Прошел по узкому коридору и увидел врача за полуоткрытой дверью, он сидел за столом, пил чай и читал лежавший перед ним журнал. Из вежливости он спросил: «Скончалась?» – «Да». Мы договорились, что они присмотрят за покойной, сделают все необходимое, а потом на больничной машине мы перевезем ее в город. Я дал ему деньги и вышел в коридор. На диване никого не было, лежала только сложенная шаль. Маленькая Манушак была в палате, стояла возле кровати.
– Не дышит, – испуганно и растерянно сказала она.
Я погладил ее по голове:
– Не бойся, я здесь.
Она заплакала.
Мы стояли и смотрели на Манушак, потом вошли санитары и попросили нас выйти. Я взял девочку за руку и вышел в коридор. Там были толстуха и парень с огненными волосами.
– Если не заявите на нас, мы вернем деньги, – сказала женщина.
– Деньги мне не нужны, оставьте себе, для легавых понадобятся.
Они удивились.
– Ты, оказывается, добрый человек, – сказала женщина.
– Никакой я не добрый, Манушак благодарите, она простила его.
В коридоре возле стены стоял старый черный чемодан.
– Это чемодан Манушак, – показала женщина рукой, – она собрала вчера, хотела с собой взять.
– Немного угол помялся, а так ничего, внутри все цело, – добавил мужчина.
62
Строители за два дня наскоро привели дом Манушак в порядок, оклеили стены обоями и повесили во всех комнатах новые яркие лампочки. Манушак положили посередине комнаты, пол был застлан ковром, стену c одной стороны закрыли черным бархатом. Тамаз помирился со мной и ни на шаг от меня не отходил, к алкоголю не прикасался и действительно очень помог.

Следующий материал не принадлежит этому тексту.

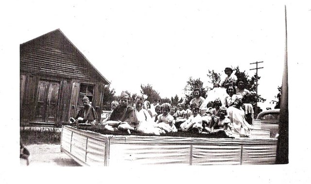 Unidentified workers building bandstand

В чемодане Манушак я нашел свой школьный аттестат и фотографии. На фотографии, которую я выбрал, Манушак семнадцать лет, у нее высоко поднята голова и она смеется. Фотографию увеличили, и она висела на фоне бархатной драпировки.

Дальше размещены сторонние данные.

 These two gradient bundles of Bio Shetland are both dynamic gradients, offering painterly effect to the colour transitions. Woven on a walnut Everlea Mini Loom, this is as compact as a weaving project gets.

На панихидах играл известный оркестр, играли так, что заставили бы рыдать даже самого легкомысленного человека, но я умудрялся сдерживаться. Маленькая Манушак стояла рядом со мной, одетая в черное платье, и деловито кивала головой соболезнующим. Пришли почти все из старых соседей по кварталу, кто только мог ходить на своих двоих.
В день похорон мы перекрыли улицу и поставили столы, они заняли ее всю. Тамаз нервничал: «Это что за расшатанные столы они привезли, завтра пойду и заберу назад половину уплаченных денег, пусть только попробуют не вернуть». Ему хорошо было известно, что никто ничего не вернет, просто душу отводил.

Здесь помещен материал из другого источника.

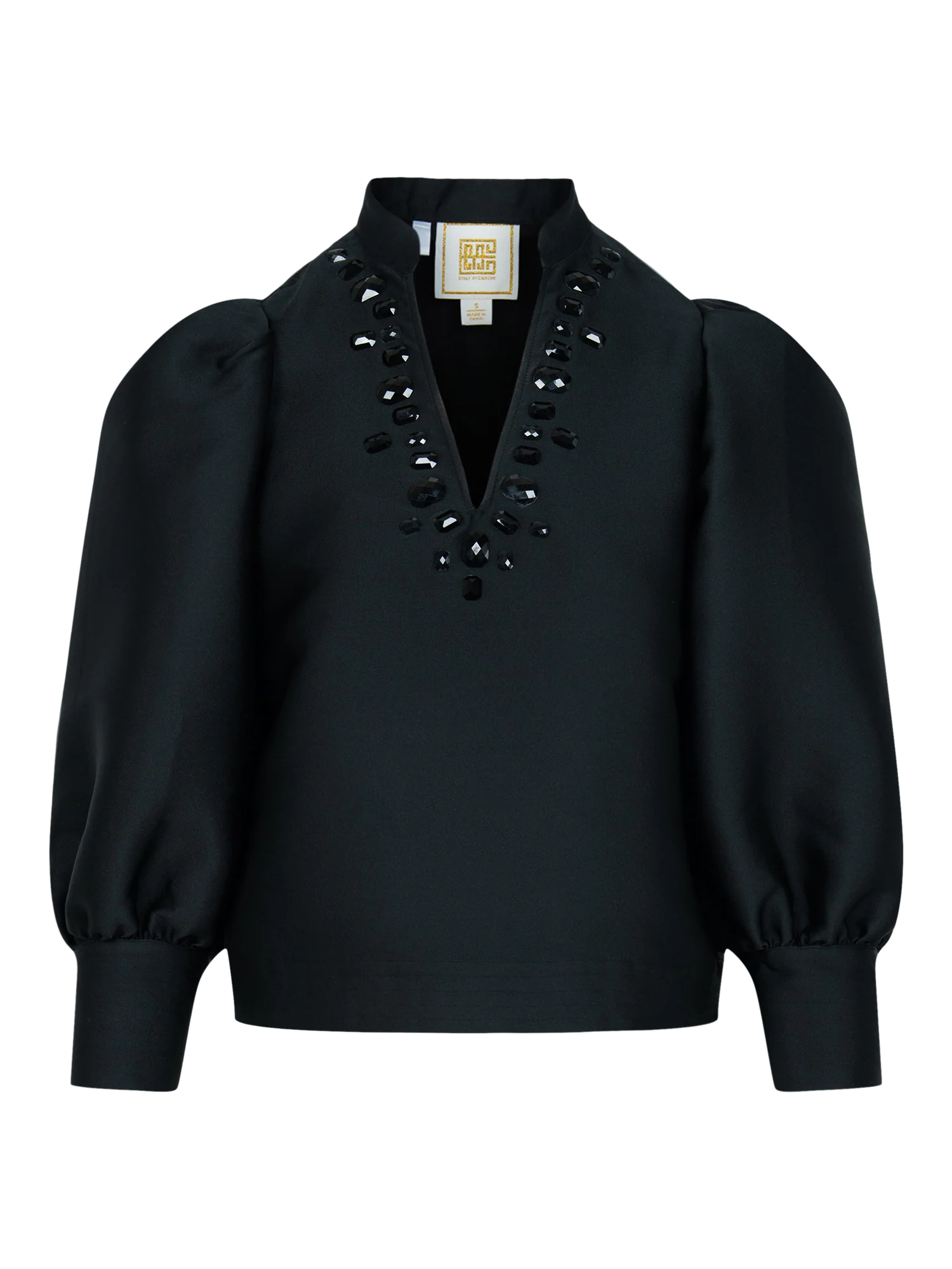 The Hampton Top in Midnight is structured perfection, designed with a lustrous finish and a hand-stoned neckline for an elevated touch. A mandarin-style collar frames the neckline, while puff sleeves with tapered cuffs add volume and balance. Its boxy yet tailored silhouette creates a refined shape that feels both modern and timeless. Style it with the matching Audrey Skirt for a tasteful statement look that’s perfect for elevated occasions this season.

Манушак похоронили на старом армянском кладбище рядом с родителями. Был солнечный день, тепло. Священник молился, люди крестились. Маленькая Манушак с серьезным лицом взглянула на меня снизу вверх. «Перекрестись», – строго сказала она. Я послушался, перекрестился и вдалеке в небе увидел стайку журавлей, вытянувшуюся в сторону Ходженванк. «Боже милостивый, зачем ты нас придумал, несчастных людей, на что мы тебе понадобились?» – подумал я тогда.
Наконец, когда могилу стали засыпать землей, я взял девочку на руки, и мы спустились вниз. Идя к выходу с кладбища, я раз десять, не меньше, оглянулся назад – там, высоко на пригорке, осталась Манушак.